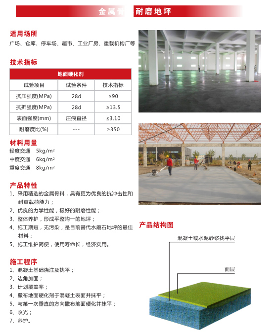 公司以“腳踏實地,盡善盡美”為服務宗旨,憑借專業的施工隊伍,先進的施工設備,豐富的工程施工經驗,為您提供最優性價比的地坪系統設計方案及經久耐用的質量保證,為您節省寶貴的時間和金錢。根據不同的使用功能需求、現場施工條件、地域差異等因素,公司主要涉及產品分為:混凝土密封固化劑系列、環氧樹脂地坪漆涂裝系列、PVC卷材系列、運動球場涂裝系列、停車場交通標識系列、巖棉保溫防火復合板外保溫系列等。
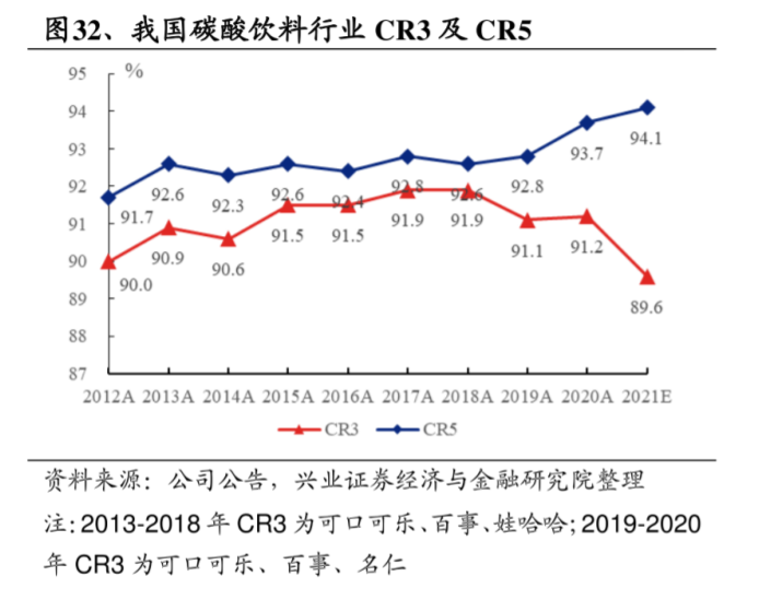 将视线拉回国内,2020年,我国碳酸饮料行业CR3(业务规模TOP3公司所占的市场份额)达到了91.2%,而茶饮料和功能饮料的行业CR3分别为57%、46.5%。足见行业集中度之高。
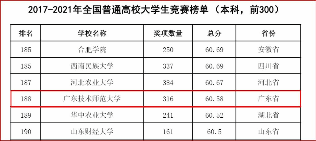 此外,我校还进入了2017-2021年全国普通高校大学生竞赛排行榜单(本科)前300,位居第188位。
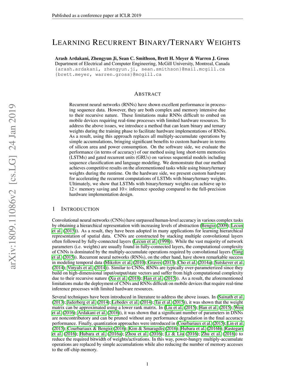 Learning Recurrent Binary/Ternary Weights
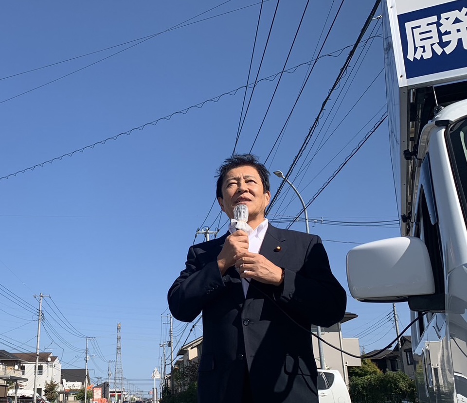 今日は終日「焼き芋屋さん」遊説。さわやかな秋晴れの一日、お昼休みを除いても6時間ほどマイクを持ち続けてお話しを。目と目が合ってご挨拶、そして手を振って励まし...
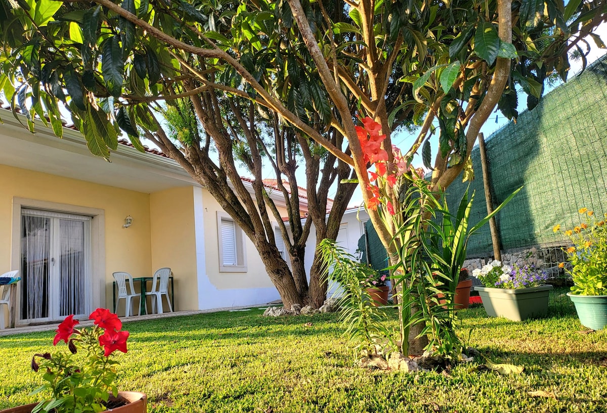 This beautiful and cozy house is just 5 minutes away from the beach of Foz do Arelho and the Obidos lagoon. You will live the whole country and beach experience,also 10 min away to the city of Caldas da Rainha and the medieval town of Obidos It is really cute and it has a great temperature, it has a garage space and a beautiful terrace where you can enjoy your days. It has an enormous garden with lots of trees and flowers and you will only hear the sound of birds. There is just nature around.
_ _ _ _ _
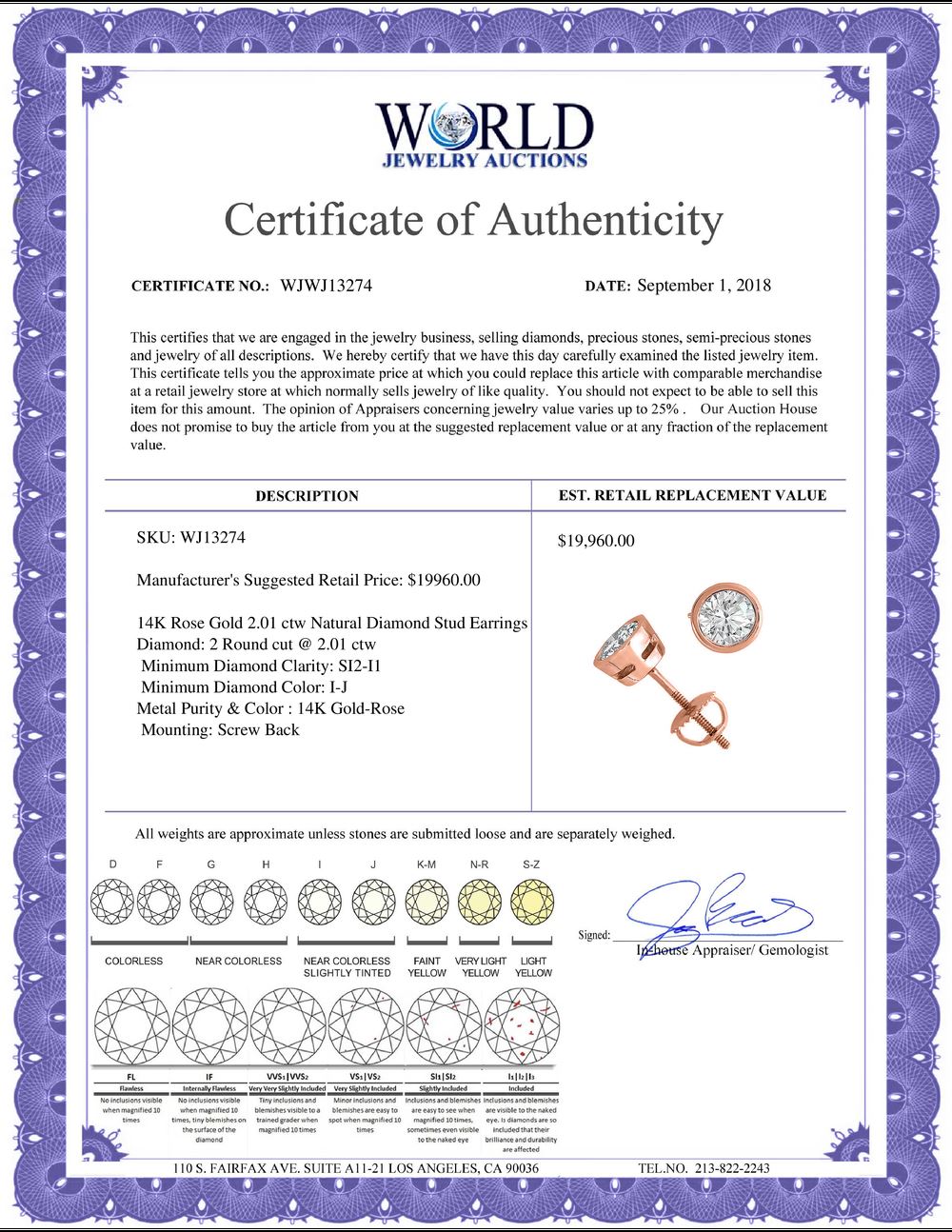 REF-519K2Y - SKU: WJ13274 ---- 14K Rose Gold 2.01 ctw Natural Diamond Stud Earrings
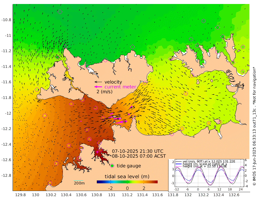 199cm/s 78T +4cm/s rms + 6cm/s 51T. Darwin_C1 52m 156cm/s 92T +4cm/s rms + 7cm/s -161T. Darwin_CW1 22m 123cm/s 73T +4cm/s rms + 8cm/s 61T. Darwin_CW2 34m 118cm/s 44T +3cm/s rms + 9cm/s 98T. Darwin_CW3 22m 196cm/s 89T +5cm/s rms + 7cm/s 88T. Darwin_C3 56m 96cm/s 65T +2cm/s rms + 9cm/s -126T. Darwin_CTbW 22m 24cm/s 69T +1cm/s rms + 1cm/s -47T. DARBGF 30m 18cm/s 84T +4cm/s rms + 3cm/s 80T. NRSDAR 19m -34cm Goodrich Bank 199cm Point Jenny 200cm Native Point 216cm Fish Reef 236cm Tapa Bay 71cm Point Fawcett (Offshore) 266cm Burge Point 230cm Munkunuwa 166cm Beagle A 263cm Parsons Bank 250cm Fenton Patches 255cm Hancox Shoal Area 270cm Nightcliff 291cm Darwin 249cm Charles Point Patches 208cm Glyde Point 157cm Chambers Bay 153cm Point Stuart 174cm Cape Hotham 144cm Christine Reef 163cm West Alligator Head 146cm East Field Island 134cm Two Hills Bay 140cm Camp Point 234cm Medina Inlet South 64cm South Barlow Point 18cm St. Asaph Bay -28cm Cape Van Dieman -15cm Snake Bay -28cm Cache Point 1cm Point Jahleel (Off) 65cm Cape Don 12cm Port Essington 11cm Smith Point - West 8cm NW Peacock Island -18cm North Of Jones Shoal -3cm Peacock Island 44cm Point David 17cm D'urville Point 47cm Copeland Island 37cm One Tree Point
_ _ _ _ _
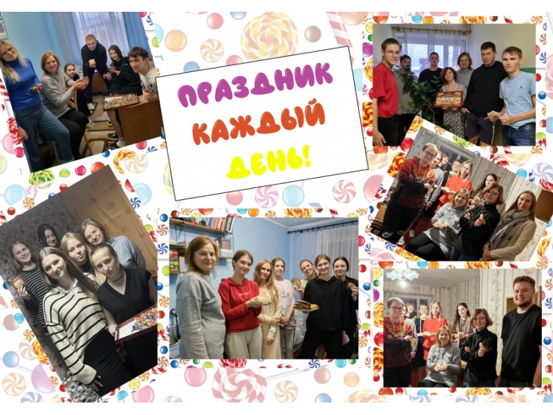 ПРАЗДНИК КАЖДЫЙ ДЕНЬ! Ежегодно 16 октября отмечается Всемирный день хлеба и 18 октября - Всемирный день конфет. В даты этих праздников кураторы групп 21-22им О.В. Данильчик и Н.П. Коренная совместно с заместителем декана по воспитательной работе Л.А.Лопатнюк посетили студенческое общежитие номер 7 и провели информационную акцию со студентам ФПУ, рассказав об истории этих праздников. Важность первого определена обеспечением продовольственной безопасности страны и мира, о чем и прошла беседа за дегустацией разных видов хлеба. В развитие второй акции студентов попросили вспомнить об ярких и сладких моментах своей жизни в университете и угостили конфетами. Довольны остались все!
_ _ _ _ _
Brief: In the listing above, find the line holding "将视线拉回国内,2020年,我国碳酸饮料" and the line holding "This beautiful and". Reproduce those two lines and all between them exactly, leaving out pictures.

Output for this exercise:
 将视线拉回国内,2020年,我国碳酸饮料行业CR3(业务规模TOP3公司所占的市场份额)达到了91.2%,而茶饮料和功能饮料的行业CR3分别为57%、46.5%。足见行业集中度之高。
 此外,我校还进入了2017-2021年全国普通高校大学生竞赛排行榜单(本科)前300,位居第188位。
 Learning Recurrent Binary/Ternary Weights
 今日は終日「焼き芋屋さん」遊説。さわやかな秋晴れの一日、お昼休みを除いても6時間ほどマイクを持ち続けてお話しを。目と目が合ってご挨拶、そして手を振って励まし...
 This beautiful and cozy house is just 5 minutes away from the beach of Foz do Arelho and the Obidos lagoon. You will live the whole country and beach experience,also 10 min away to the city of Caldas da Rainha and the medieval town of Obidos It is really cute and it has a great temperature, it has a garage space and a beautiful terrace where you can enjoy your days. It has an enormous garden with lots of trees and flowers and you will only hear the sound of birds. There is just nature around.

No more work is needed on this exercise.